Lascia che la vita ti scaraventi negli inferi, lascia che la superficialità e la cattiveria della gente triturino il tuo cuore, lascia che il dolore ti seppellisca sotto cascate di lacrime, lascia che la tua anima bruci di disperazione, lascia che la vita con te faccia il suo corso travolgendoti come un fiume in piena, ma non dimenticare mai che ogni tua lacrima, ogni pugnalata della vita, ogni delusione, ogni cattiveria, ogni fiamma bruciante, avrà su di te il potere della catarsi, della crescita, della consapevolezza, della saggezza e della forza.
Scendendo all’inferno avrai cosparso il tuo viso, il tuo cuore, la tua anima, di lacrime roventi; scendendo tra le fiamme avrai desiderato la morte e rigettato la vita ed ogni cosa e persona ad essa correlata.

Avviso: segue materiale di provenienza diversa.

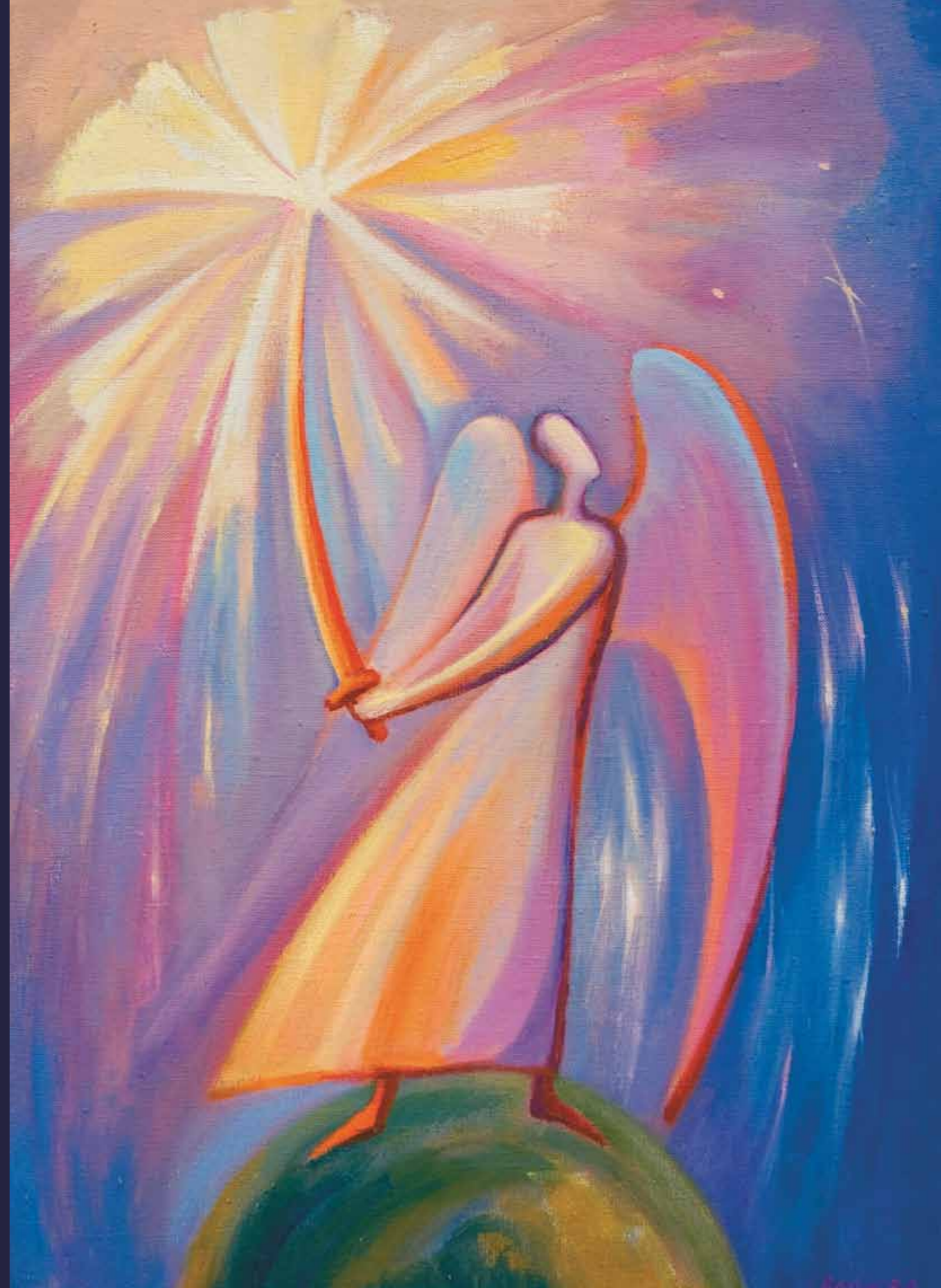
Ангел с мечом, рассекающий тьму. 2006 ▶
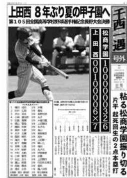
8年ぶりの夏の甲子園出場を報じた号外

新聞委員会編集局は今年度も様々な分野で活躍し世間を賑わせた。今年度の活動について、時系列に沿って振り返っていききたい。まずは、野球部の8年ぶりの夏の甲子園出場に際して行った活動について振り返る。夏の選手権大会は数年前から取材活動を行っているが、今年度は下馬評も高かったため
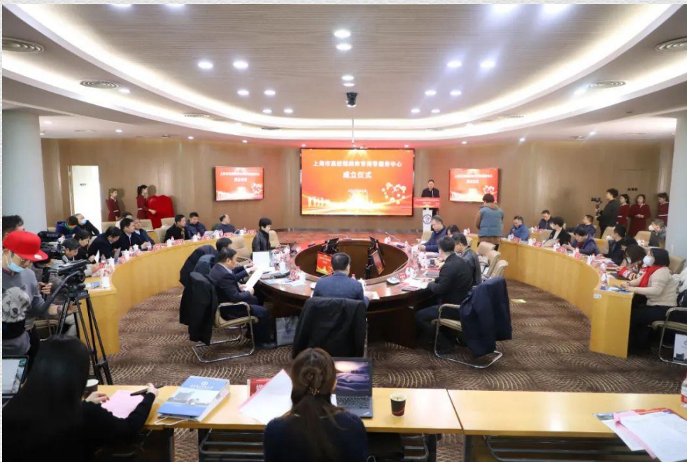
“上海市高校继续教育指导服务中心”成立大会现场
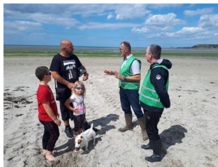
Sensibilisation du public par les ambassadeurs de la Baie
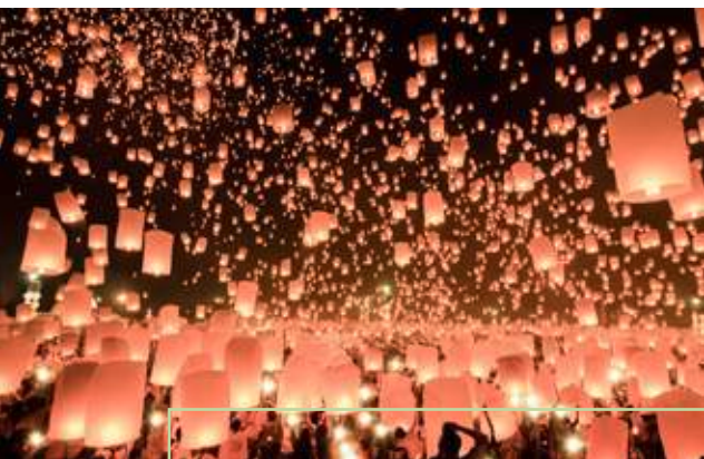
Laternen steigen in den Nachthimmel

Wanderungen im Dschungel, Wasserfälle und erholsame Strandspaziergänge machen Koh Phangan zu einem Ort, an dem es sich gut aushalten lässt. Freunde elektronischer Musik lieben auch die legendären Vollmond-Partys am Haad Rin Beach. Eine der grünsten Inseln Thailands ist Koh Chang, deren Form an einen Elefantenkopf erinnert. Ihre Mangrovenwälder und die Wanderwege der Salak-Phet-Bucht bieten immer wieder neue Natur-Erlebnisse.
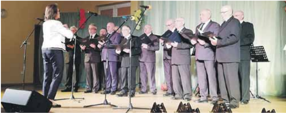
Chór męski Edwardos działa przy OK w Wysokiej FOT. MAGDALENA OLECHOWSKA
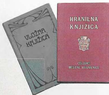
Hranilna knjižica Celjske mestne hranilnice iz šestdesetih let
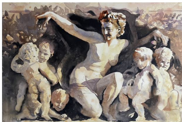
Figuras clásicas II · Acuarela sobre papel
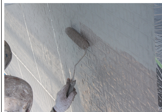
施工中 目地部塗り込み・泡噛み脱泡、要
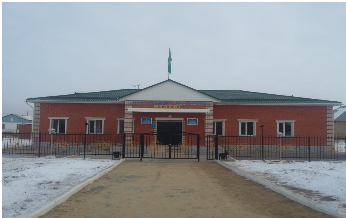
Сурет 1. Қазалы аудандық тарихи-өлкетану музейі

Музей залдары 114,4 кв. шаршы метрді алып жатқан ғимаратта орналасқан.
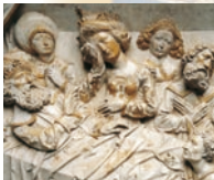
Tod Kaiser Heinrichs II., Relief am Grabmal im Bamberger Dom.
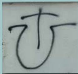
Antisemitski grafit i ustaški simbol, Split, 2006.

Nacističke ideje nisu posve nestale nakon oslobođenja. Čak i sada postoje skupine neonacista u Europi i Sjedinjenim Američkim Državama. Kao i Hitler, oni smatraju da je 'bijela rasa' najbolja. Oni su protiv manjina, pa tako i protiv Židova. Prema neonacistima, Židovi su sami izmislili holokaust. Tvrdе da su Židovi sami izmislili Auschwitz kako bi dobili potporu za osnivanje vlastite države. Također tvrde da dnevnik Anne Frank nije autentičan i da je napisan nakon rata.
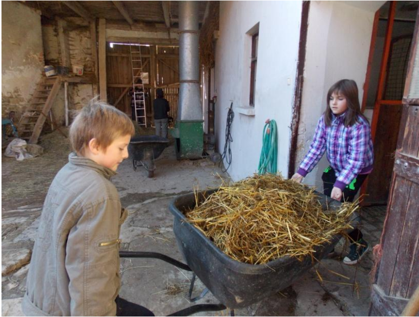
Obrázek 4. NZDM Prevence s Bonanzou – spolupráce klientů
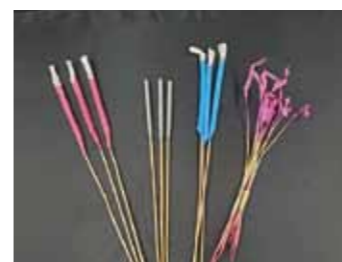
「花火」 (答えは左のページ)
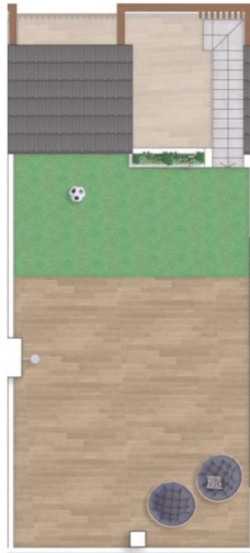
Planta solarium/ Topfloor
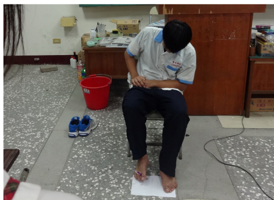
讓學生體驗用腳寫名字
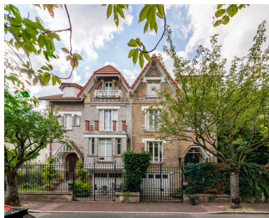
Maisons mitoyennes en brique du début du XXe siècle au coteau de Saint-Cloud IVR11_20249200450NUC4A
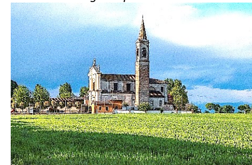
Chiesa di Santa Maria in Val Verde

Nel pomeriggio ci sposteremo autonomamente in auto a Orzinuovi, ritrovo alla porta Sant'Andrea (ampi parcheggi tra la via Giordano Bruno e via Marconi). Dopo la porta veneziana ci si apre la piazza con la Rocca di San Giorgio, ora sede per mostre. Una passeggiata nel paese lungo il percorso centrale ci conduce a Porta San Giorgio (sec. XV), con nuovi giardini e il Santuario dell'Addolorata. Lungo la via principale diversi palazzi, e la Parrocchiale di Santa Maria Assunta.
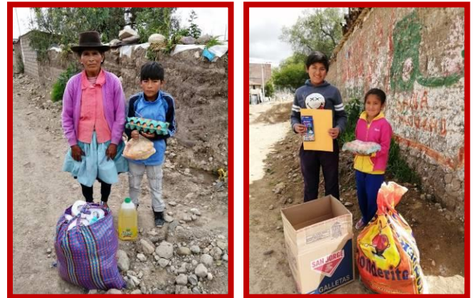
Grote dankbaarheid en opluchting bij de gezinnen.

We zijn ons er ook van bewust dat we, voor het ontwikkelen van deze virtuele lessen, veel dingen nodig zullen hebben, zoals laptops, Internet, een technicus die helpt bij de installatie van de computers en toegang tot virtuele lesprogramma's. We hopen intens donaties te krijgen voor de aanschaf van laptops, zodat ook onze kinderen, net als vele andere kinderen, de virtuele lessen kunnen gaan volgen en dat onze leerkrachten hen kunnen begeleiden met het maken van hun huiswerk.
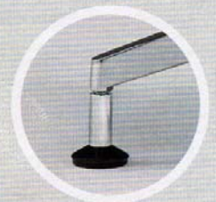
Elegante Gleiter mit Aluminiumdistanzstück
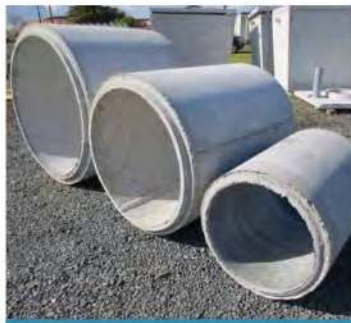
TUYAU VIBRE ARME AL 800:1M
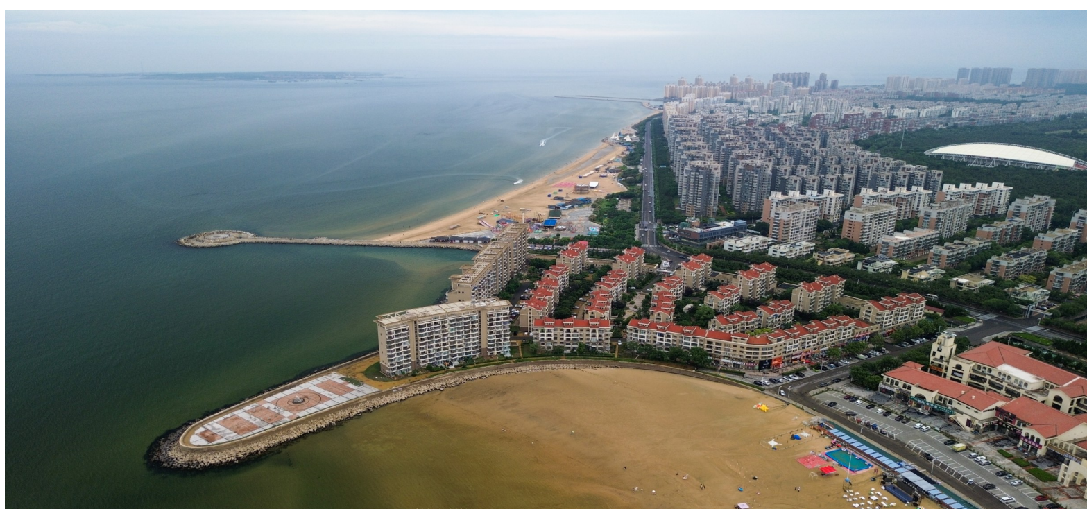
这是龙口市海滨城区（7月2日摄，无人机照片）。
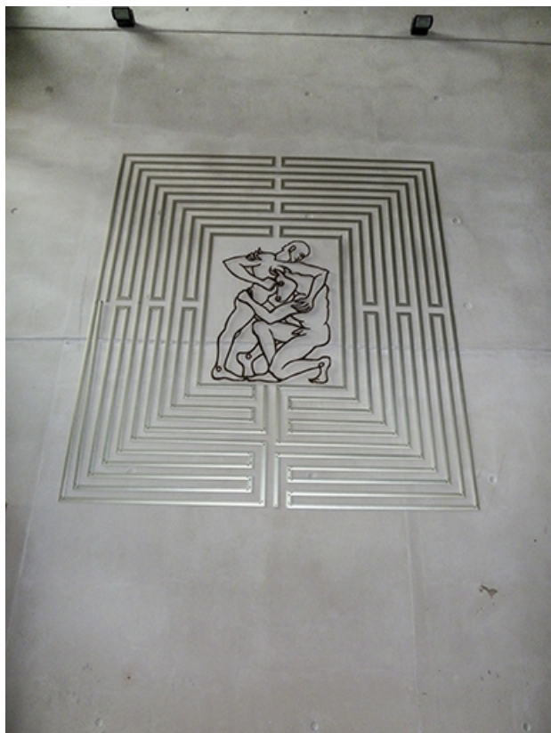
labyrinthe du temps, au centre le Minotaure.
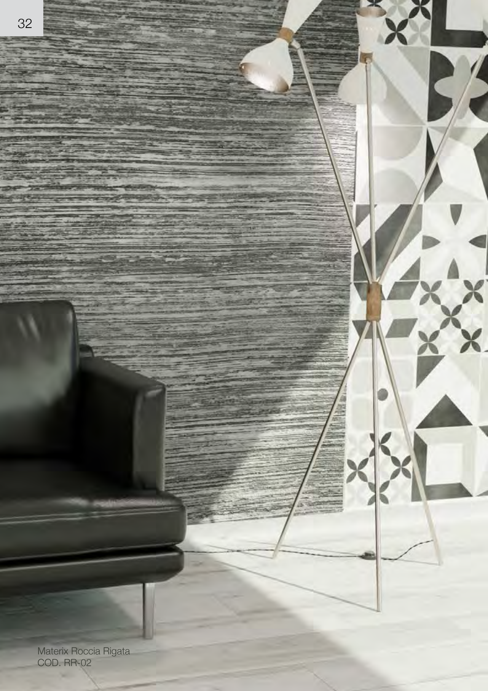
Matrix Roccia Rigata COD. RR-02

Ma il tuo ritorno sarà un trionfo, sarà l’apoteosi  di te stesso, sarà come un passeggiare tra le stelle, e tutto questo renderà il tuo cuore traboccante di gioia.
Sentirai esplodere dentro la tua anima la gioia infinita ed incontaminata propria di chi ha conosciuto l’inferno della vita. Vedrai ridimensionato tutto il tuo mondo, sentirai lontane le voci vuote di chi non sa ancora in quale direzione andare, osserverai il paesaggio della vita riuscendo a scorgere i fiori anche attraverso le tenebre, diventerai scoglio di salvataggio nelle mareggiate della vita per molti, faro di riferimento per i naviganti in difficoltà, e sarai finalmente conscia del significato delle tua stessa esistenza.
Ma dovrai scendere all’inferno, lasciandoti ardere dalle fiamme, prima di spiccare il volo nel paradiso della serenità.